Dataset items:
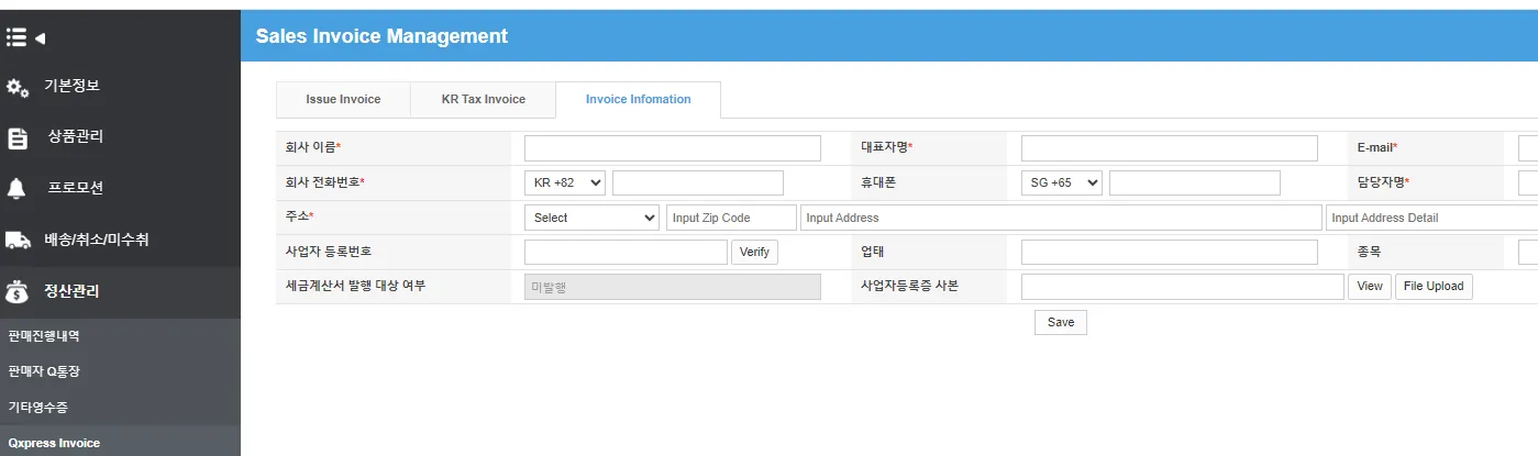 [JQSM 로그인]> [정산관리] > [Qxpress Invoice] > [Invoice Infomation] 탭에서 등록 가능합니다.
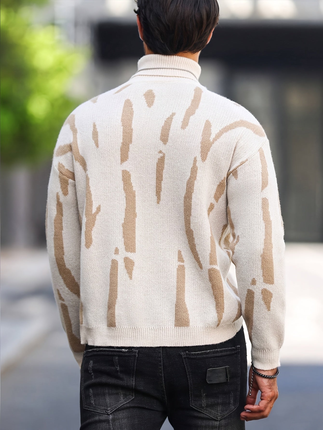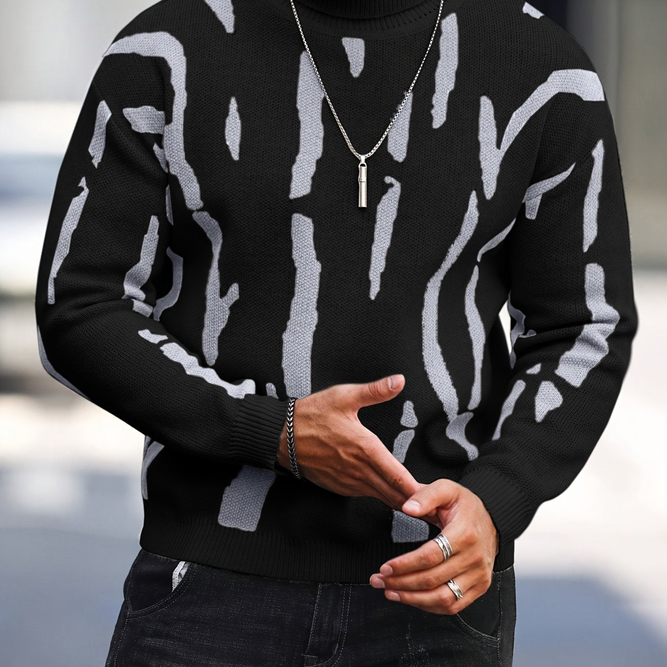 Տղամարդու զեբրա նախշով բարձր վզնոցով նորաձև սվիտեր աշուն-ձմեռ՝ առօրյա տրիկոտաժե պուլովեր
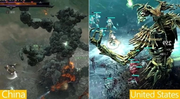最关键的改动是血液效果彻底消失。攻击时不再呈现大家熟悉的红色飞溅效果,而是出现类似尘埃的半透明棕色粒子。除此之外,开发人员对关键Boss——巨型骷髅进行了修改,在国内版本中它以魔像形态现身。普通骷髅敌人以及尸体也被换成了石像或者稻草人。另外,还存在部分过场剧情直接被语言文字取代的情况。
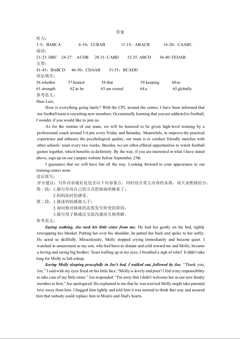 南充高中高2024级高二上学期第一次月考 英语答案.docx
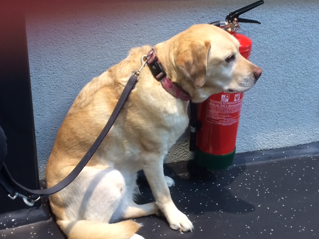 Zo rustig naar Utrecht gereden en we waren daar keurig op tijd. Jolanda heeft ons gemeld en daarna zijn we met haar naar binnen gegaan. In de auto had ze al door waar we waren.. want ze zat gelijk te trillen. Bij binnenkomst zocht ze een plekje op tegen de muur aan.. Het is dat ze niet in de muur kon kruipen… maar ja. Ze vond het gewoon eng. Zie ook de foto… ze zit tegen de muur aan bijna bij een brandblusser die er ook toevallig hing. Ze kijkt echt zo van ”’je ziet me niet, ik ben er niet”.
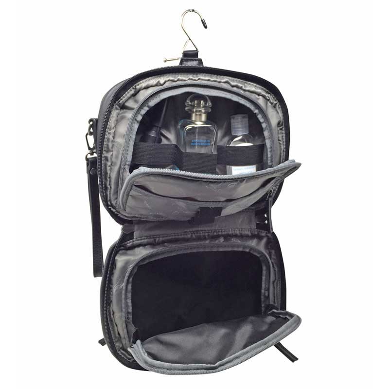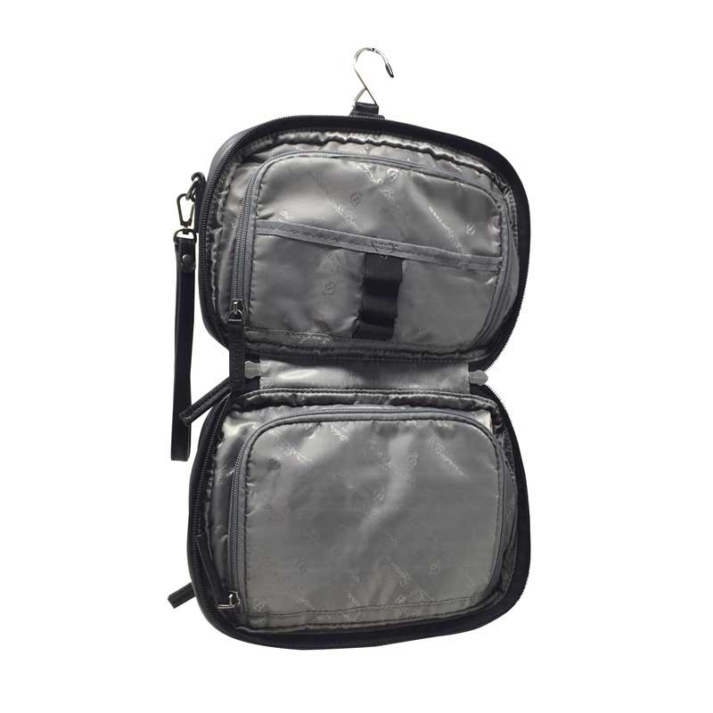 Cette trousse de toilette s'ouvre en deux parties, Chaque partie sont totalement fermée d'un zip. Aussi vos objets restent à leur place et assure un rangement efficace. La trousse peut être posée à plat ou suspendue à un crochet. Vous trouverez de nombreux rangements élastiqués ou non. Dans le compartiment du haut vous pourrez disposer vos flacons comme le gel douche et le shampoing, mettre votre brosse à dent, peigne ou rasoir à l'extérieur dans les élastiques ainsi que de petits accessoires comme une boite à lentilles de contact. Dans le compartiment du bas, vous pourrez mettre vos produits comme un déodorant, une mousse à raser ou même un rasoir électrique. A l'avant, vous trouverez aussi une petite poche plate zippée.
...
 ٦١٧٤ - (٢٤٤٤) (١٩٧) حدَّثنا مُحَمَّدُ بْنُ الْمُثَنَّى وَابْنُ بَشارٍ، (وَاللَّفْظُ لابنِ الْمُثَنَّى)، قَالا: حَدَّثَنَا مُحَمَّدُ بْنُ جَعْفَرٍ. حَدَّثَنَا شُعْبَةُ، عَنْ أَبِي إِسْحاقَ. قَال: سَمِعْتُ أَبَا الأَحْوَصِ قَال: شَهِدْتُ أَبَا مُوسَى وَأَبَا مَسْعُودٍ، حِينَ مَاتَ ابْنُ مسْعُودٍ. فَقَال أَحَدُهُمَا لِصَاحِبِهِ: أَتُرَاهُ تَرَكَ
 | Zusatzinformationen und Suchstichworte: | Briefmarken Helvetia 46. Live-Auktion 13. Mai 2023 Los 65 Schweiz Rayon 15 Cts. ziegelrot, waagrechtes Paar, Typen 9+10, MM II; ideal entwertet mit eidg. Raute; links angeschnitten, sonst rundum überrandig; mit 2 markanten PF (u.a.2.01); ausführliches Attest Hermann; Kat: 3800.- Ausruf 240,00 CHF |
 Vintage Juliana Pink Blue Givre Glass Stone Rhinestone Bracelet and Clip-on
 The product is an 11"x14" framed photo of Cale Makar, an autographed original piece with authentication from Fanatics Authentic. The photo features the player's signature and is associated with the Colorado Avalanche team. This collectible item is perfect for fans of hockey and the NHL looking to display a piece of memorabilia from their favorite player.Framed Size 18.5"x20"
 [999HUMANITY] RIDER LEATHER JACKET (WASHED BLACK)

### REQUIREMENT
Copy out only the lines of the records above from the one with "٦١٧٤ - (٢٤٤٤)" through the one with "Vintage Juliana Pink", exactly as they stand, both included.

### RESULT OF THE EXERCISE
 ٦١٧٤ - (٢٤٤٤) (١٩٧) حدَّثنا مُحَمَّدُ بْنُ الْمُثَنَّى وَابْنُ بَشارٍ، (وَاللَّفْظُ لابنِ الْمُثَنَّى)، قَالا: حَدَّثَنَا مُحَمَّدُ بْنُ جَعْفَرٍ. حَدَّثَنَا شُعْبَةُ، عَنْ أَبِي إِسْحاقَ. قَال: سَمِعْتُ أَبَا الأَحْوَصِ قَال: شَهِدْتُ أَبَا مُوسَى وَأَبَا مَسْعُودٍ، حِينَ مَاتَ ابْنُ مسْعُودٍ. فَقَال أَحَدُهُمَا لِصَاحِبِهِ: أَتُرَاهُ تَرَكَ
 | Zusatzinformationen und Suchstichworte: | Briefmarken Helvetia 46. Live-Auktion 13. Mai 2023 Los 65 Schweiz Rayon 15 Cts. ziegelrot, waagrechtes Paar, Typen 9+10, MM II; ideal entwertet mit eidg. Raute; links angeschnitten, sonst rundum überrandig; mit 2 markanten PF (u.a.2.01); ausführliches Attest Hermann; Kat: 3800.- Ausruf 240,00 CHF |
 Vintage Juliana Pink Blue Givre Glass Stone Rhinestone Bracelet and Clip-on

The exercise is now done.